In the defense policy of the United States, Sputnik became an example of “technological surprise,” or when a rival country demonstrates a new and startling tool. To ensure that the United States is always the nation making the surprises, rather than being surprised, in 1958 president Dwight D. Eisenhower created what we now know as DARPA, the Defense Advanced Research Projects Agency.

Originally called the Advanced Research Projects Agency, or ARPA, ARPA/DARPA has had a tremendous impact on technological development, both for the US military and well beyond it. (Its name became DARPA in 1972, then ARPA again from 1993 to 1996, and it’s been DARPA ever since.) 

The most monumental achievement of DARPA is the precursor to the service that makes reading this article possible. That would be ARPANET, the immediate predecessor to the internet as we know it, which started as a way to guarantee continuous lines of communication over a distributed network.

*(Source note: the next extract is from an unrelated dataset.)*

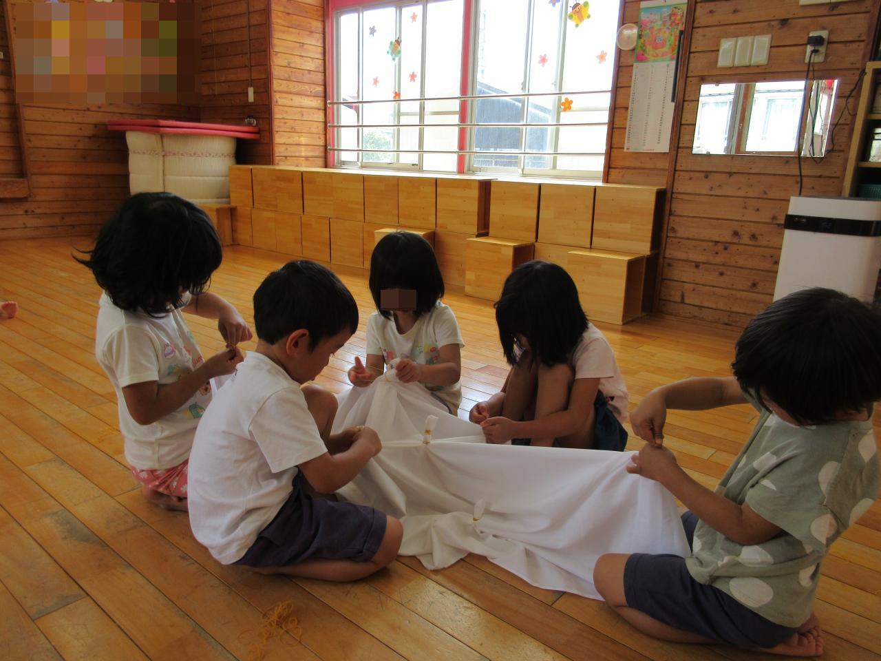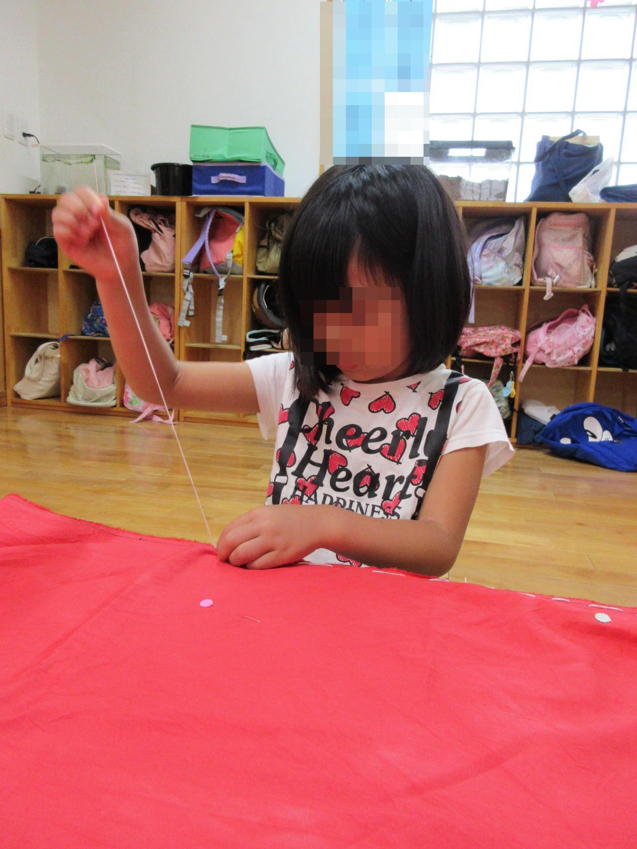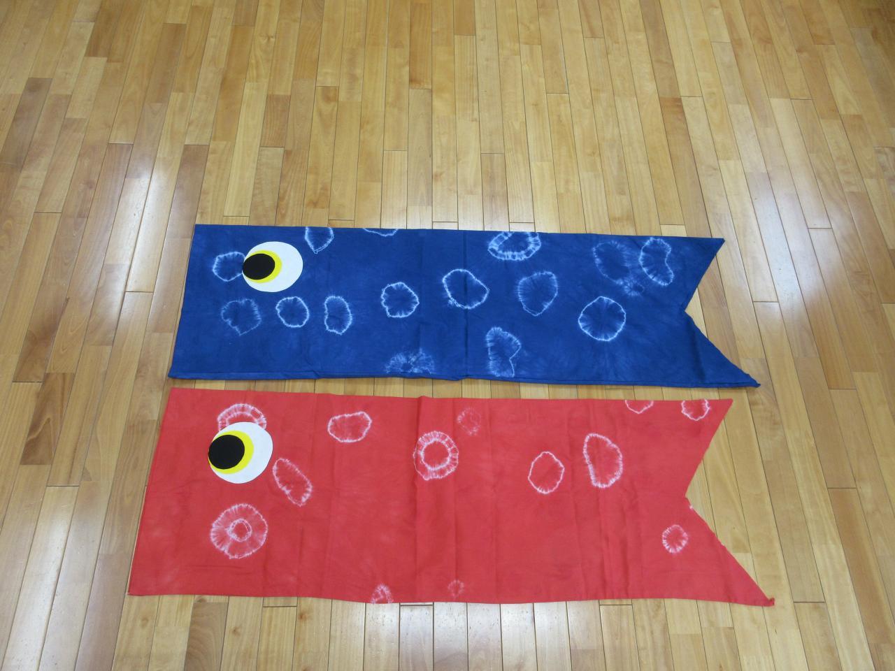 真っ白な布に輪ゴムでしぼり、模様をつけました。お父さんこいのぼりは紺色、お母さんこいのぼりは赤色に染めて、針と糸を使って一人ずつ縫いました。初めての経験でしたが、昨年度のくじら組がしていたのを見ていたので、楽しみにしていました。縫う時は、とても慎重で、線の上をゆっくり縫っていました。しわを伸ばすためにアイロンがけにも挑戦しました。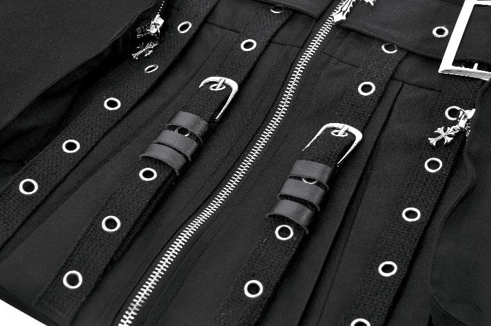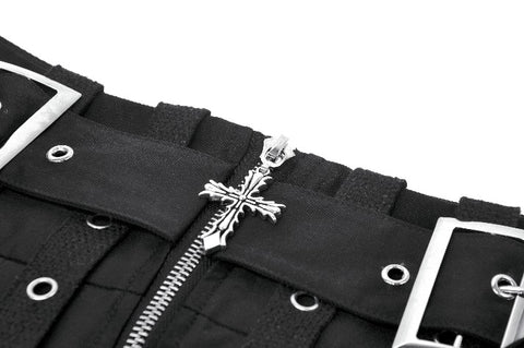 This metal-cross tactical punk skirt fuses Y2K subculture energy with industrial heavy-metal aesthetics, delivering an instant visual strike. Wide straps, metal eyelets, and double dangling bands create a mechanical outer structure, while the central cross charm serves as the bold symbol of rebellion.

Other projects include the more explicitly military ones, like work on what became the MQ-1 Predator drone, and endeavors that exist in the space between the civilian and military world, like research into self-driving cars.

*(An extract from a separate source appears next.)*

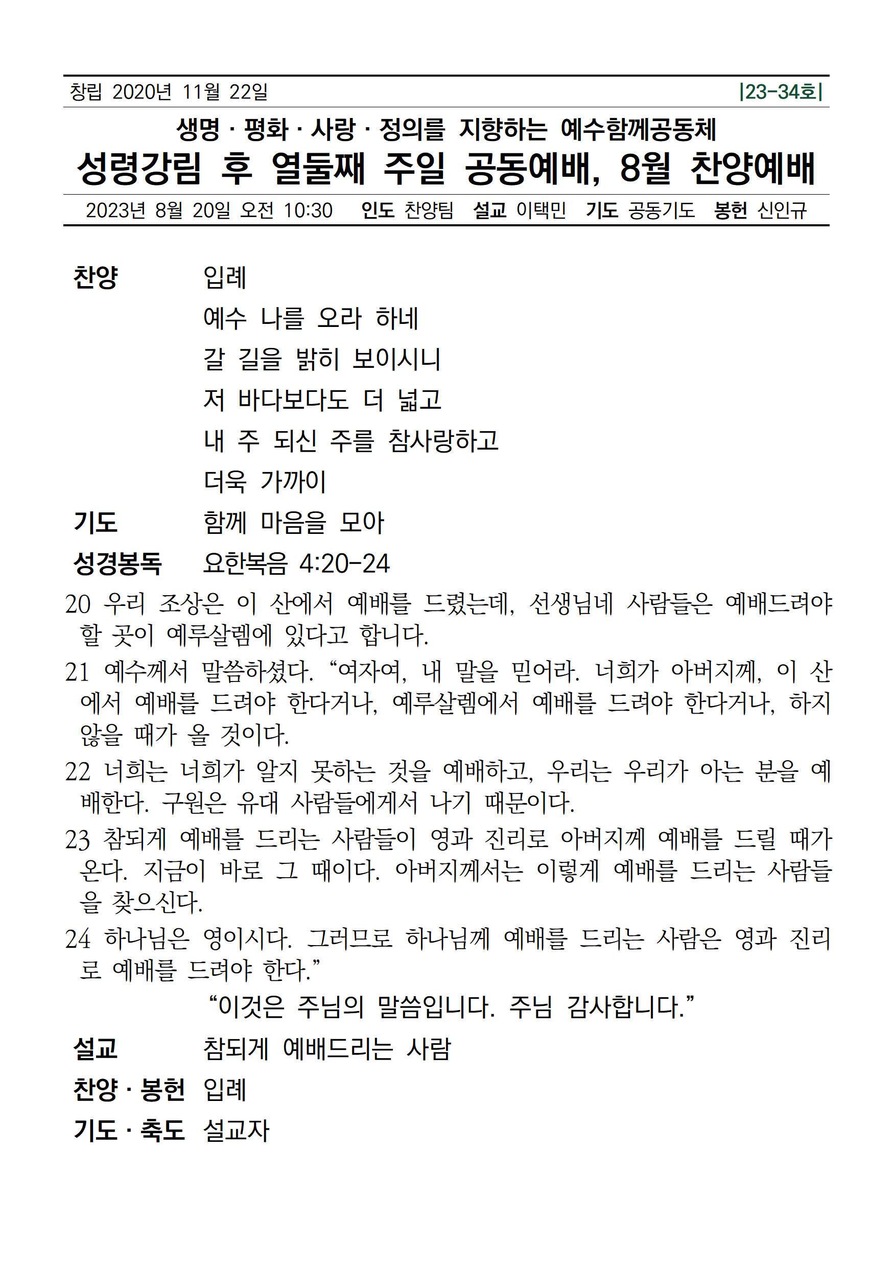| [주일공동예배] 2023년 8월 20일 예수함께공동체 (0) | 2023.08.19 |

What is the main purpose of DARPA?
The specific military services have offices that can conduct their own research, designed to bring service-specific technological improvements. Some of these are the Office of Naval Research, the Air Force Research Laboratory, and the Army’s Combat Capabilities Development Command (DEVCOM). DARPA’s mission, from its founding, is to tackle research and development of technologies that do not fall cleanly into any of the services, that are considered worth pursuing on their own merits, and that may end up in the hands of the services later.

How did DARPA start?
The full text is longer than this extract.